Hay que tener en cuenta algunas incidencias sanitarias (la epidemia de cólera, o el hambre provocado por una mala cosech)a, podían tener consecuencias catastróficas. Otro rasgo significativo consiste en que la esperanza de vida era muy baja. La población dedicada a la agricultura se mantuvo en torno al 65 % durante todo el siglo XIX. El porcentaje dedicado a la industria se situó tan sólo en torno al 18 – 20 %. 

Los cambios más importantes que se pueden apreciar en este momento respecto a la demografía residen, no tanto en los datos relativos a nacimientos o muertes, como en la movilidad.
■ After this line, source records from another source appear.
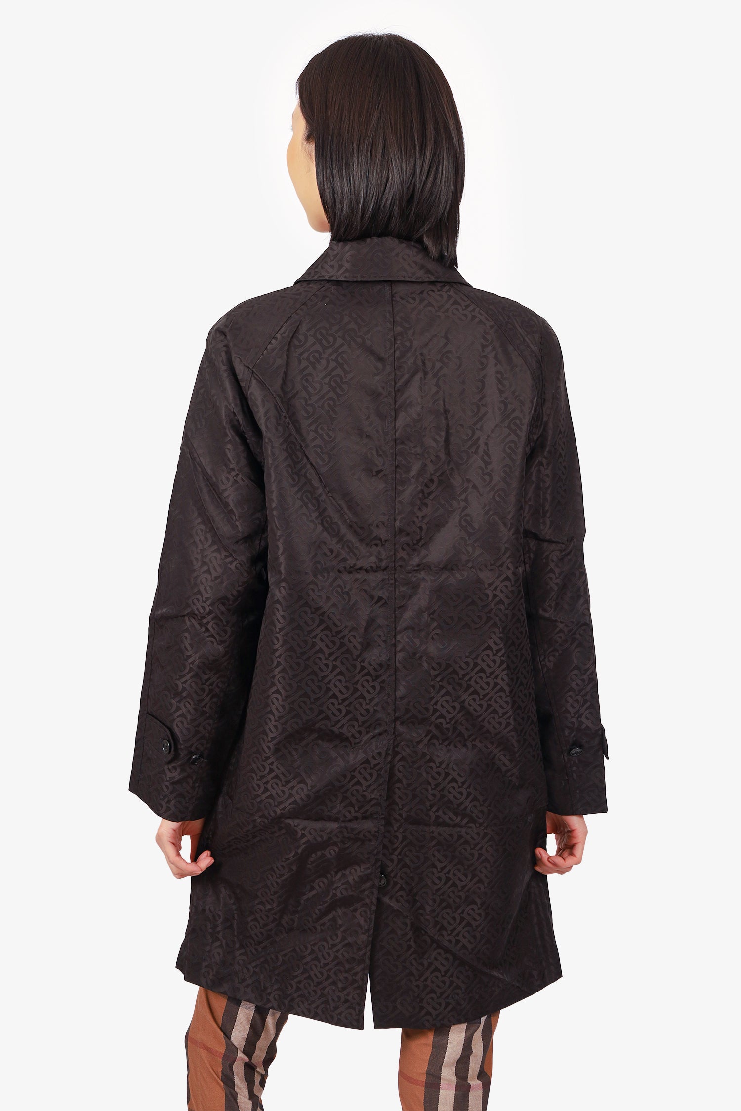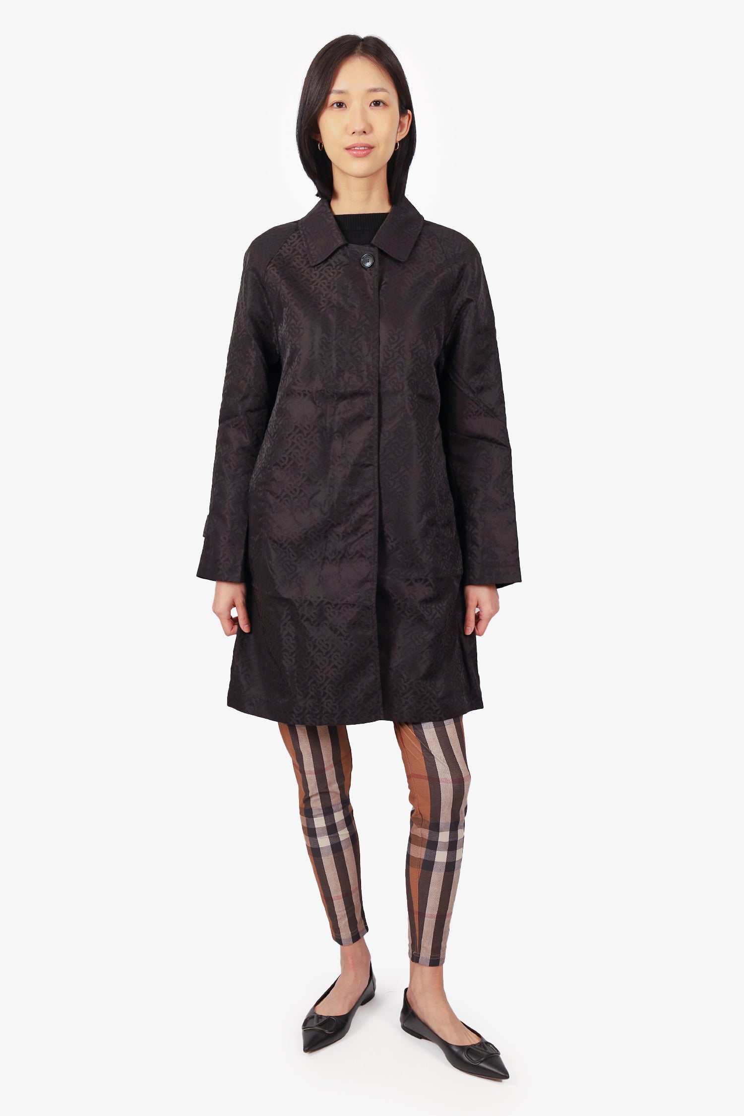 Refresh availabilityBurberry Black Camden TB Logo Monogram Car Coat. Collared-neckline. Front button-up closure. Button-up sleeve cuff closure. 2 front exterior side slip pocket with button closure. Single rear vent. Strap piece at sleeve cuff with button closure. Partially lined interior.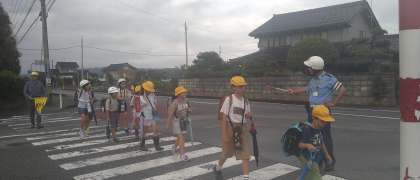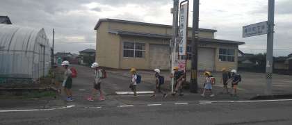 今日は6年生がいない登校班です。4年生や5年生が列の前後を守りながら登校しました。頼もしい姿です。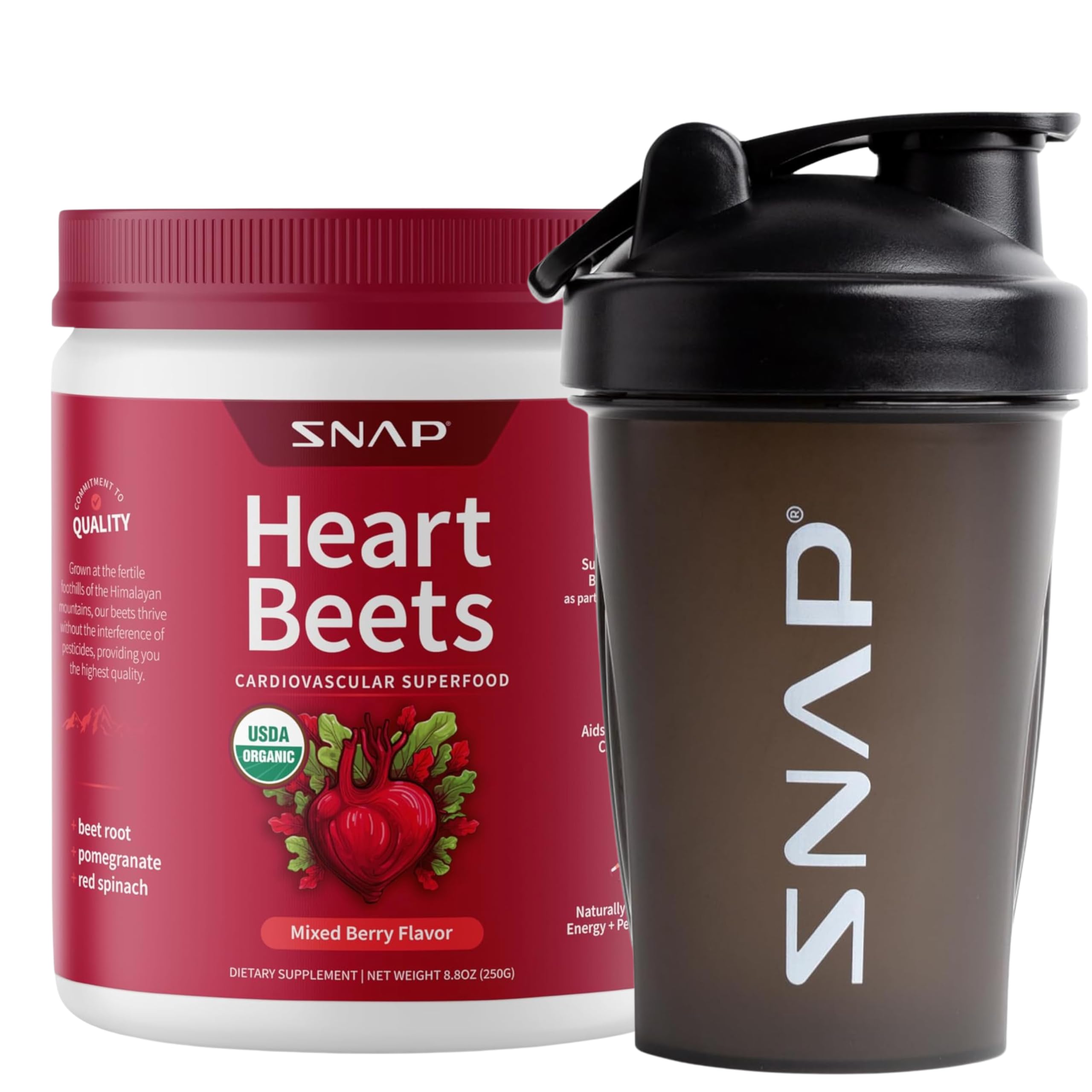 QUALITY YOU CAN TRUST: Snap Supplements delivers quality you can trust. Our vitamins and supplements are crafted by health experts and manufactured in the USA with globally sourced ingredients. Most of our supplements are vegan, plant based, caffeine free, sucralose free, soy free, allergen free, and contain no added sugar. EASY TO INCORPORATE, EASY TO LOVE: Just one scoop of Heart Beets mixed with water or your favorite smoothie delivers a potent dose of healthy heart-supporting nutrients in a delicious Mixed Berry flavor — perfect as a daily wellness ritual or pre-workout boost. ANTIOXIDANT SUPPORT: Packed with polyphenols and antioxidants from beetroot and pomegranate, Heart Beets helps protect against free radicals and supports healthy hearts. DAILY ENERGY SUPPORT: Designed for both men and women, this supplement offers targeted nutrition to support blood flow and oxygen delivery, helping you stay active and energized throughout the day. Snap Supplements' Heart Beet blend is a unique formula featuring nitrate-rich beetroot, red spinach, and pomegranate to support healthy circulation and vascular function.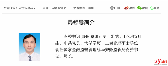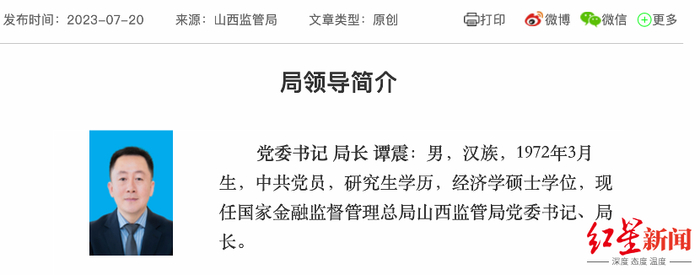 红星资本局注意到,仅在11月22日就有4位局长履新。分别是山西监管局党委书记、局长谭震,安徽监管局党委书记、局长覃刚,海南监管局党委书记、局长王吴庆,以及宁夏监管局党委书记、局长刘琦。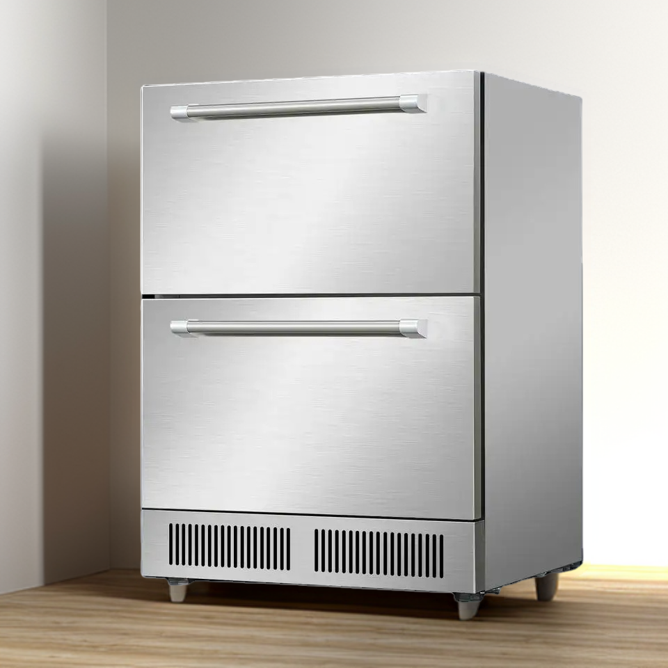 ตู้เย็นแบบลิ้นชักคู่ตู้แช่เครื่องดื่มกลางแจ้งสแตนเลสควบคุมอุณหภูมิเชิงกล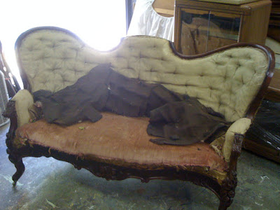 The couch as you can see is from a little bit different time period for starters. But it has some beautiful detail as you can see from the first picture. There is a piece of carving that goes at the top of the back in the center, you will see that in the after picture.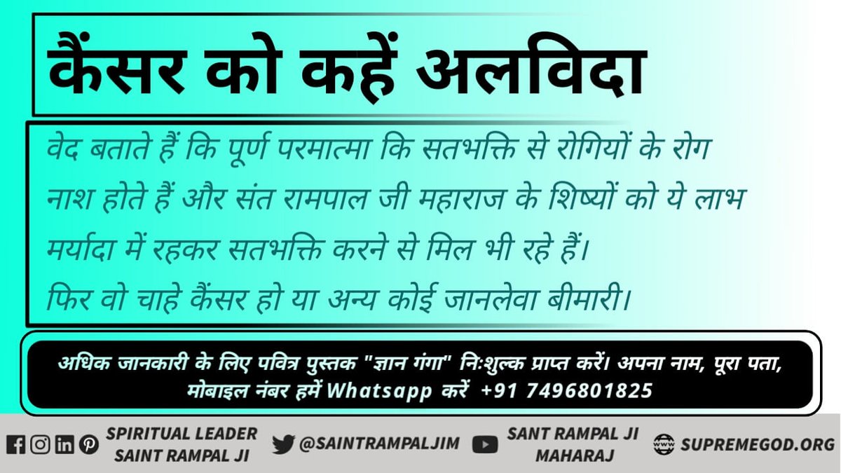 @SaintRampalJiM In his spiritual discourses, it is said that by living in true devotion to the Supreme God, cancer or any incurable disease is cured with 100% guarantee.#CureCancer_By_TrueWorshippic.twitter.com/ZOdvtKC1ij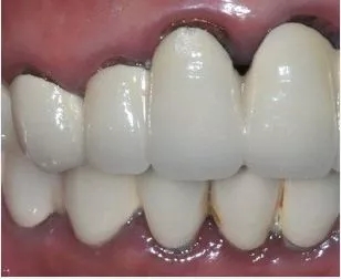 因金屬內(nèi)冠的存在,透光性、色澤和形態(tài)與自然牙存在較大的區(qū)別,更會在燈光下產(chǎn)生青灰色的效果。

El primer rasgo patente de la población española de la época se refiere al creciente grado de urbanización. Sin embargo, se trata de un fenómeno de carácter general que empezó a cambiar la vida española de una manera muy lenta. La mayor facilidad en los desplazamientos -no sólo se había producido la ampliación de la red ferroviaria, sino también un extraordinario abaratamiento del transporte- había tenido como consecuencia la inmigración del campo a la ciudad.
A causa de ello las ciudades necesitaron nuevos planes urbanísticos, pronto facilitados por la Ley de expropiación forzosa de 1879 y, más adelante, en el final del siglo XIX, por las leyes especiales de Madrid y Barcelona.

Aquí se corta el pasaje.